Alla domanda se il buddhismo fosse in contrapposizione con l’induismo. Sua Santità ha risposto che le due tradizioni hanno in comune i tre addestramenti: etica, concentrazione e saggezza (shila, shamatha e vipashyana). Citando una conversazione avuta con uno Swami, qui a Bangalore, ha spiegato che dove le due tradizioni differiscono è nella rispettiva posizione su atman e anatman: Sua Santità ha detto allo Swami “tu credi nell'atman, io credo nell'anatman. E’ una questione di opinione personale”.
Ci sono state diverse domande su come affrontare la rabbia. Sua Santità ha sottolineato che quando si è arrabbiati è più difficile trovare una soluzione ai problemi ed è anche più difficile distinguere ciò che è giusto da ciò che è sbagliato. Ha raccomandato di leggere la "Guida allo stile di vita del Bodhisattva" di Shantideva, che è ora disponibile in un'ampia gamma di lingue. Nei capitoli 6 e 8, il libro spiega i metodi per affrontare la rabbia e l’egocentrismo.

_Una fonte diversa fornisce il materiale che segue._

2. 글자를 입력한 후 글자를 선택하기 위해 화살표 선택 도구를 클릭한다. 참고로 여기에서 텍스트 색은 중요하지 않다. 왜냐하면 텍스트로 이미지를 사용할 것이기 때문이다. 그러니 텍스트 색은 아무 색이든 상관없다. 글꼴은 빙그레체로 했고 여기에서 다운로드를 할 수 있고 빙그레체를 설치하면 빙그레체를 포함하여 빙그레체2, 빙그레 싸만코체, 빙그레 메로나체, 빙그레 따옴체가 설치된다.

Sua Santità ha detto a un ragazzo preoccupato per i problemi ambientali che come membro della generazione del XXI secolo rappresenta il futuro del mondo. Ha aggiunto che se si faranno da ora dei passi per proteggere l'ecologia, tra 30 o 40 anni il mondo potrebbe essere un posto migliore. Sua Santità ha aggiunto che la smilitarizzazione, compresa l'eliminazione delle armi nucleari, è un altro obiettivo fondamentale, ma per raggiungerlo è necessario un autentico disarmo interiore.

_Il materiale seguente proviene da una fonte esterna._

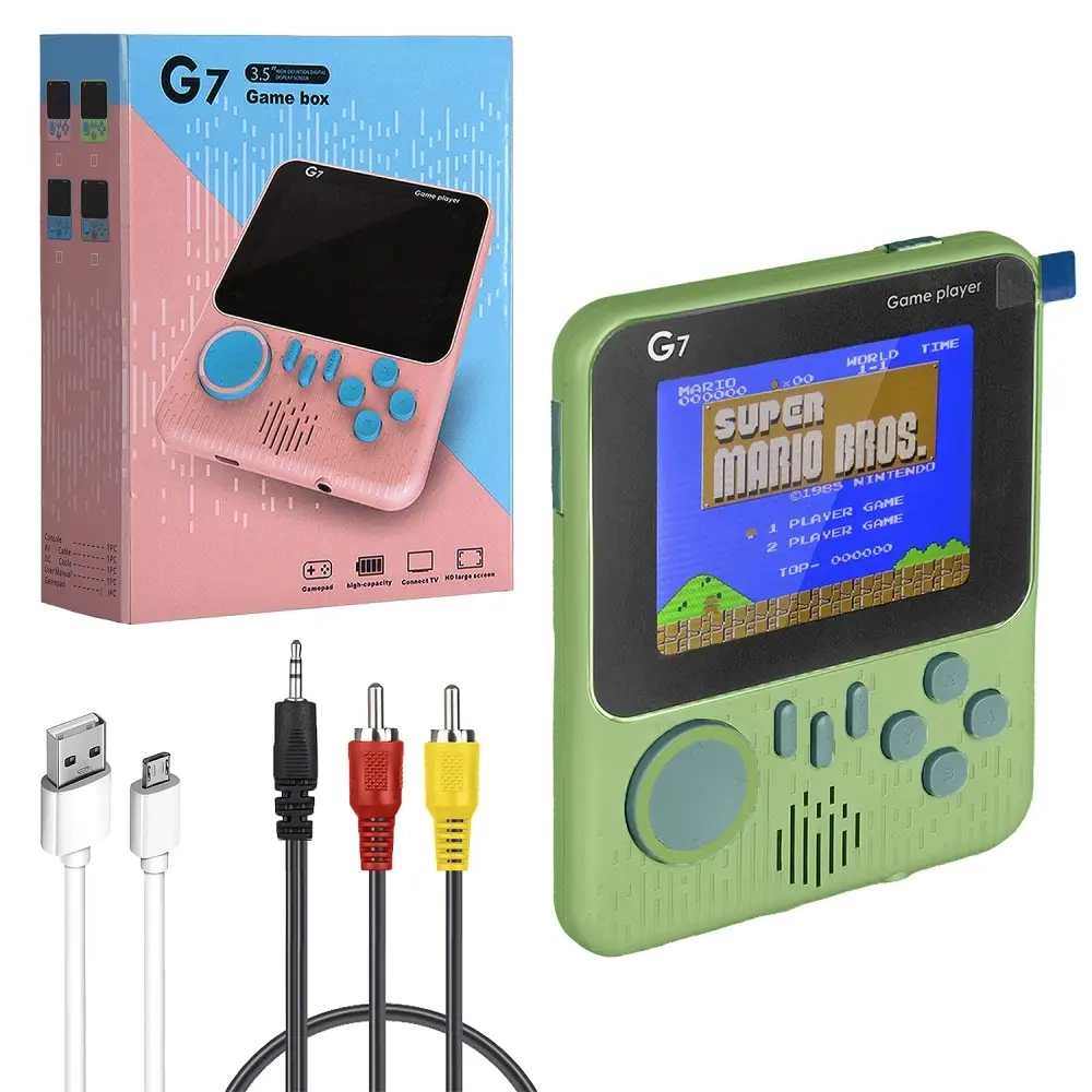 Так же в комплекте идет кабель 3,5 Jack-AV для возможности выводить приставку на экран телевизора. Для этого воткните разъём 3,5 Jack в приставку, а AV в телевизор.

In una città dove molte persone lavorano nel settore dell’information technology, Sua Santità ha ricordato che queste tecnologie nascono dalla mente umana. È fondamentale tenerlo presente: perché la tecnologia sia utile, gli esseri umani devono averne il pieno controllo.
L'ultima domanda riguardava lo scopo della vita. Sua Santità ha detto che senza alcun dubbio lo scopo della vita è trovare la felicità e la gioia. Nulla è certo, ma viviamo nella speranza. Quando si perde la speranza non abbiamo più nulla e possiamo sprofondare nella disperazione. Quindi, la conclusione ovvia, è che lo scopo della vita è la felicità e la gioia.
Domani Sua Santità terrà di nuovo una conferenza pubblica, su richiesta di Vidyaloke.